▶

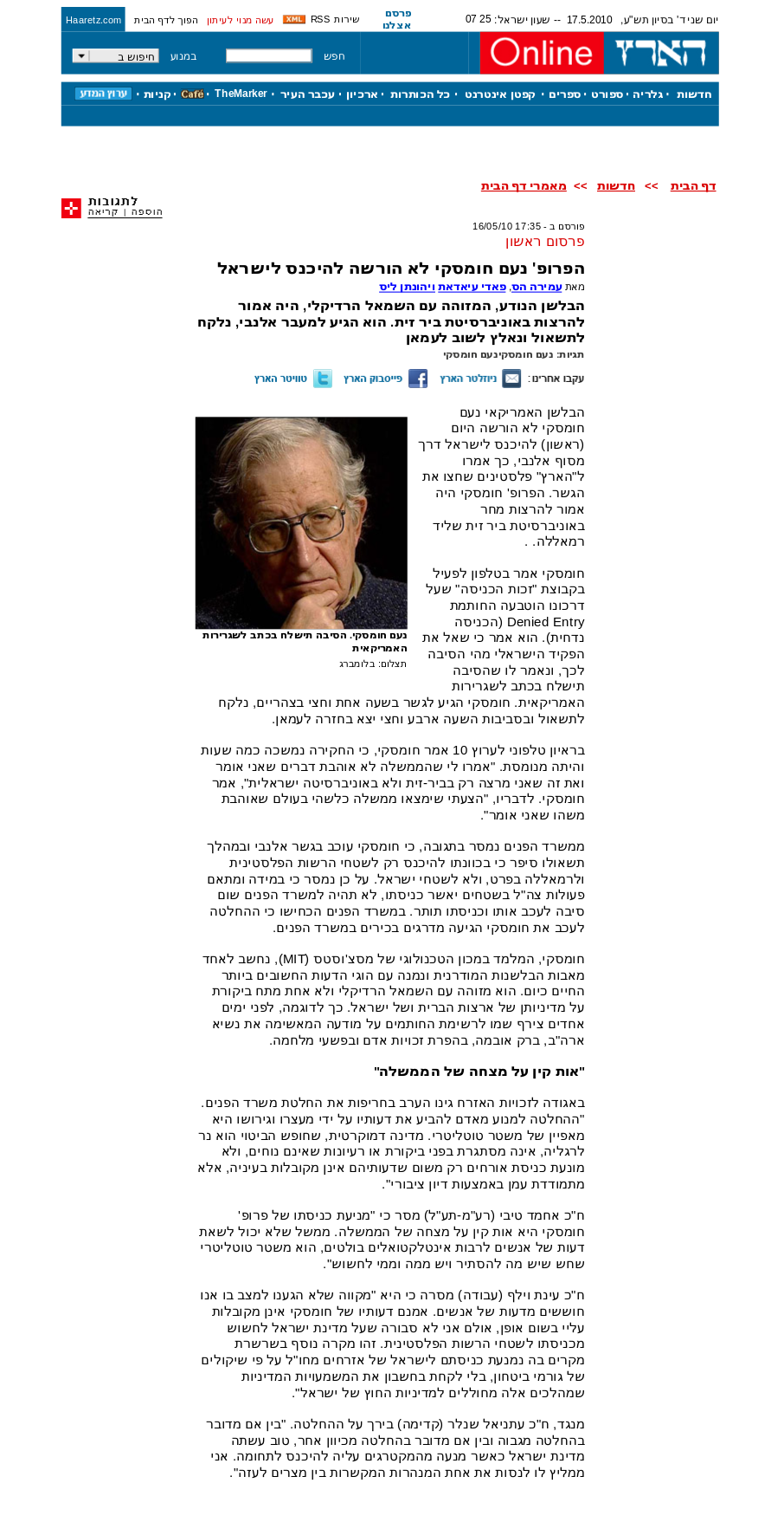נעם חומסקי ניסה להכנס לגדה כדי לתת הרצאה באוניברסיטת ביר זית. במעבר אלנבי מישהו פעל לפי הוראות למעלה (או לפחות לפי רוח המפקד) ומנע ממנו כניסה. אכן, אור לגויים. הכתבה למטה.
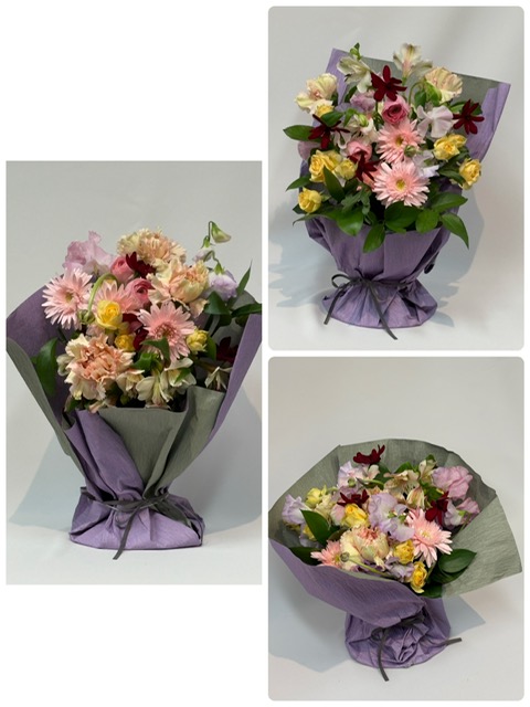 バレンタインデーに贈る春色のアレンジメントそのまま飾れる花束スタンディングブーケをイメージして…試行錯誤しながら頑張ったラッピング!
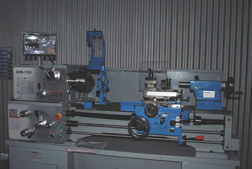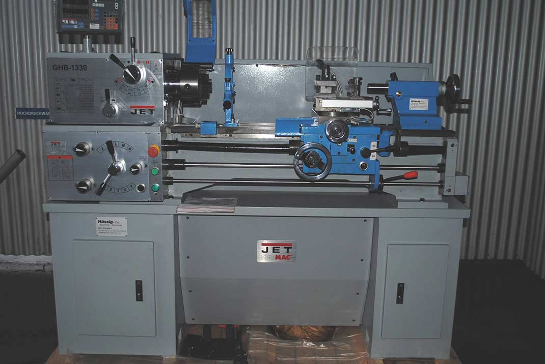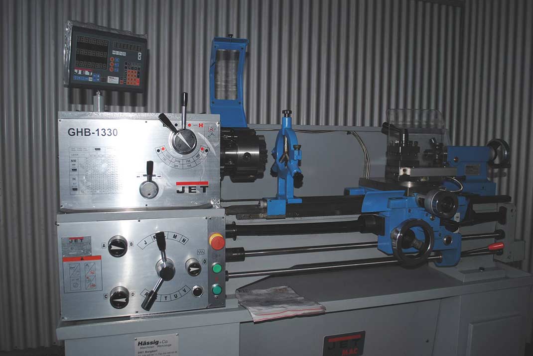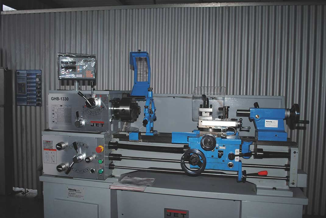 - Gesicherter Späneschutz und Not-/Ausschalter, Aufspannscheibe 300mm, 4-fach Stahlhalter, Steh- und Mitlauflünette, 2 feste Spitzen MK3, Reduzierhülse MK5-MK3, Gewindeschneideuhr, Wechselrädersatz
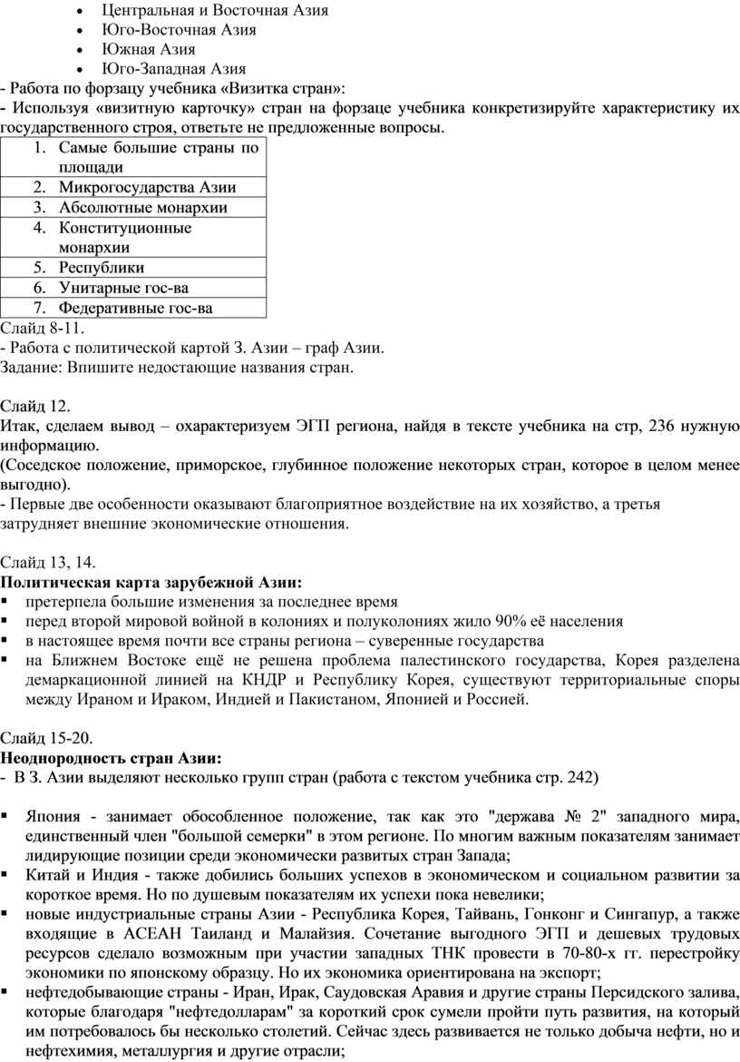 - В З. Азии выделяют несколько групп стран (работа с текстом учебника стр. 242)
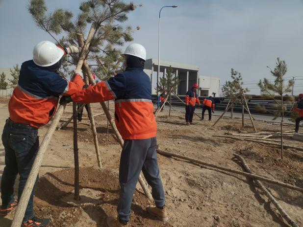活動(dòng)中,廠區(qū)內(nèi)部到處都是緊張有序的勞動(dòng)景象,參加植樹的干部職工個(gè)個(gè)配合默契、干勁十足,有的拿鐵鍬,有的運(yùn)樹苗,你追我趕,比干勁、比進(jìn)度,各個(gè)環(huán)節(jié)銜接有序?;顒?dòng)現(xiàn)場共栽植棗樹、杏樹、松樹等600余棵。
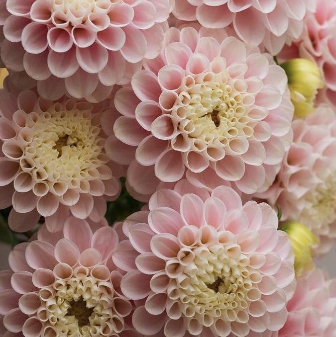 'Wizzard of Oz ' is a lovely ball with the most beautiful buttercream button centers on soft pink lollipop shaped blooms. Prolific bloomer. but harvest on the early side because she drops her petals at maturity.
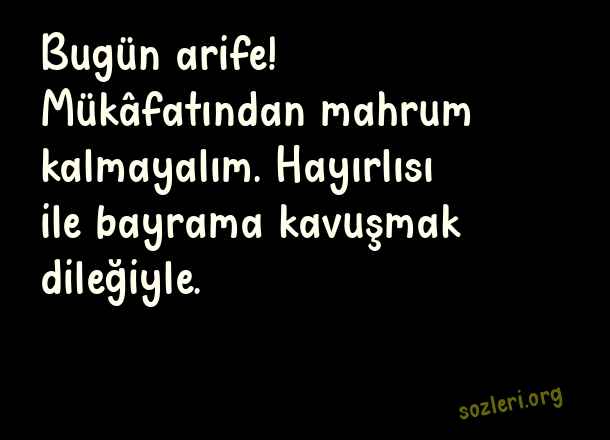 Bugün arife! Mükâfatından mahrum kalmayalım. Hayırlısı ile bayrama kavuşmak dileğiyle. ( Arife Günü )
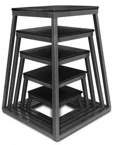 Тумбы для запрыгивания в комплекте. Назначение: домашнее или профессиональное. Ножки под небольшим углом повышают устойчивость конструкции, а верхняя поверхность прорезинена для хорошего сцепления. Коническая рамочная форма позволяет вставлять плиобоксы один в другой для переноски и хранения.
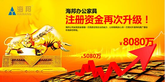 眾所周知,一家有實(shí)力的企業(yè),外在注冊資金的多少,內(nèi)在產(chǎn)品的質(zhì)量,決定企業(yè)未來的發(fā)展方面。作為中國著名辦公家具品牌海邦原來的注冊資金就有5080萬元,在行業(yè)中已屬于佼佼者。當(dāng)下,注冊資金又升級到8080萬元,如此大手筆的操作,更是令其他同行“望塵莫及”、敬而生畏。
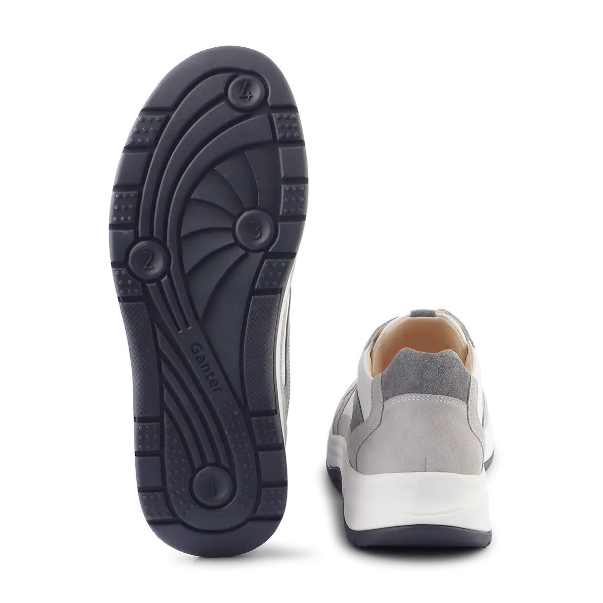Запатентована технологія кочення підтримує кожен крок, а сіро-біле поєднання матеріалу та кольорів підкреслює повсякденно-крутий вигляд взуття, яке супроводжуватиме вас як вдень, так і ввечері. Продумані деталі декору, такі як на п'яті, доповнюють дизайн. Підошва з 4-точковим перекатом відчувається на нозі легко і м'яко, покращує поставу і знімає навантаження зі спини і суглобів. Під час носіння ви відчуєте активуючий масажний ефект, що дасть вам змогу робити довші прогулянки легко та з комфортом. Концепція AKTIV може не тільки полегшити та запобігти болю в опорно-руховому апараті, але й зменшити стрес. Спробуйте та зробіть крок у майбутнє з GANTER AKTIV!
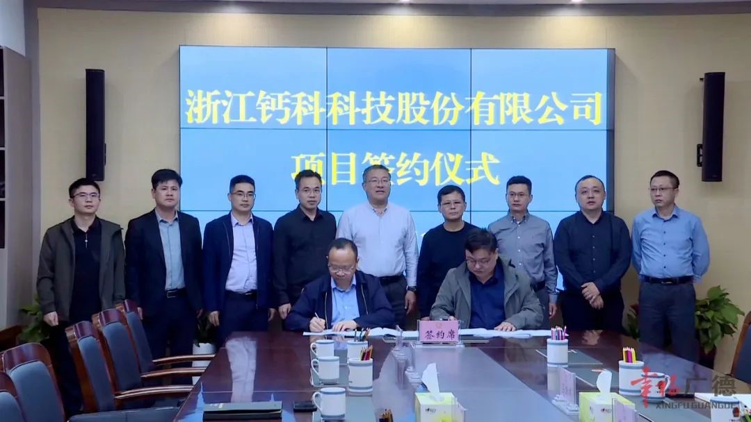 5月10日上午,安徽廣德市舉行浙江鈣科科技股份有限公司(以下簡稱:浙江鈣科)高品質鈣基深加工項目簽約儀式。該項目總投資額22.5億元,全面達產后可實現年產值20億元,年繳納稅額約3億元。
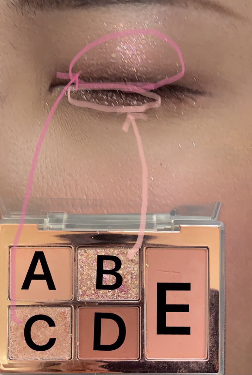 CLIOプロアイパレットのAの色を、アイホール全体に塗る。 Bの色をブラシに取って、目を開けた時に見えるくらいまで塗る。目を囲うようにして、下瞼にも塗る。 アイラインを引く。(ブラックブラウンがオススメ!) 3.のアイラインをぼかすようにして、Fの色を重ね塗りする。 さらに、4.の上から、グラデーションになるようにEの色を重ねる。 Cの色を指に取り、アイホール全体に薄く伸ばす。 Dの色を指に取り、黒目の上に塗る。 マジョリカマジョルカのシャドーカスタマイズを涙袋に塗る。 9.に薄くDの色を重ね塗りする。 cipicipiのグリッターイルミネーションライナーを、目頭に少しと、上瞼の黒目の上だけに少しのせる。
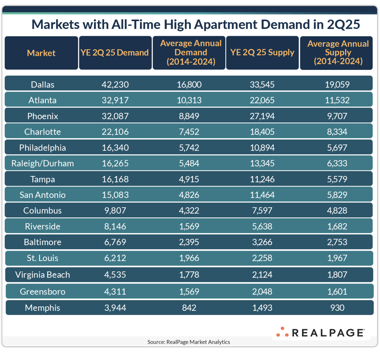 Out of the nation’s 50 largest apartment markets, 15 hit all-time demand records in the year-ending 2nd quarter 2025. In each of these markets, record absorption paced notably ahead of concurrent completion volumes, which were also elevated – in some cases significantly – from historical norms. And the majority of these were in the South region of the country. The demand peak in Dallas was the biggest, with over 42,200 units absorbed in the past year, according to data from RealPage Market Analytics. That was more than double the market’s average annual demand pace over the past 10 years. Atlanta, Phoenix and Charlotte absorbed between 22,000 and 33,000 units in the year-ending 2nd quarter. Demand in those markets was roughly three times the decade norm. A handful of markets absorbed roughly 15,000 to 16,000 units in the past year, including Philadelphia, Raleigh/Durham, Tampa and San Antonio. Those were all also performing at about three times the typical pace for demand. Peak volumes were below the 10,000-unit mark in the remaining seven markets. Among those, Riverside and Memphis logged demand at roughly four to five times their typical pace.
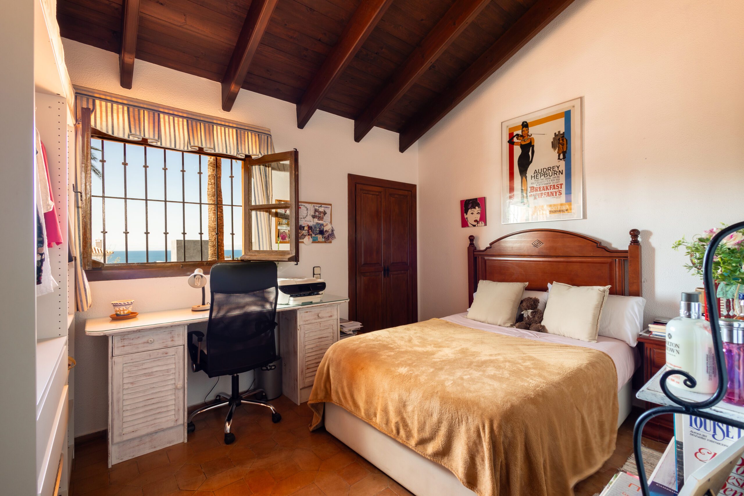Charming Andalusian villa with sea views in Rio Real, East Marbella. This charming villa stands out for its traditional Andalusian style, combining character, spaciousness and a very functional layout. With 450 m2 built on a 1,000 m2 plot, the property offers generous indoor and outdoor spaces, ideal for enjoying a comfortable and relaxed lifestyle. The house has 5 bedrooms and 4 bathrooms, with bright rooms that maintain a warm and authentic atmosphere. Details such as high ceilings, wooden bea...
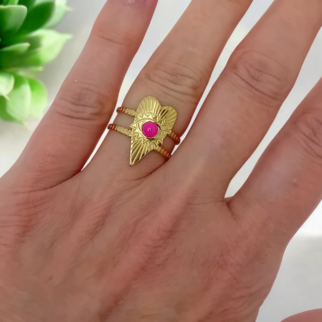 Bague couleur or, ajustable et texturée en forme de cœur allongé, avec un œil pour motif et un petit cabochon rose foncé.

◀

Transcribe the opening line of the listing above, please, and every line after it through the line with "バレンタインデーに贈る春色の", word for word, without pictures.

נעם חומסקי ניסה להכנס לגדה כדי לתת הרצאה באוניברסיטת ביר זית. במעבר אלנבי מישהו פעל לפי הוראות למעלה (או לפחות לפי רוח המפקד) ומנע ממנו כניסה. אכן, אור לגויים. הכתבה למטה.
 バレンタインデーに贈る春色のアレンジメントそのまま飾れる花束スタンディングブーケをイメージして…試行錯誤しながら頑張ったラッピング!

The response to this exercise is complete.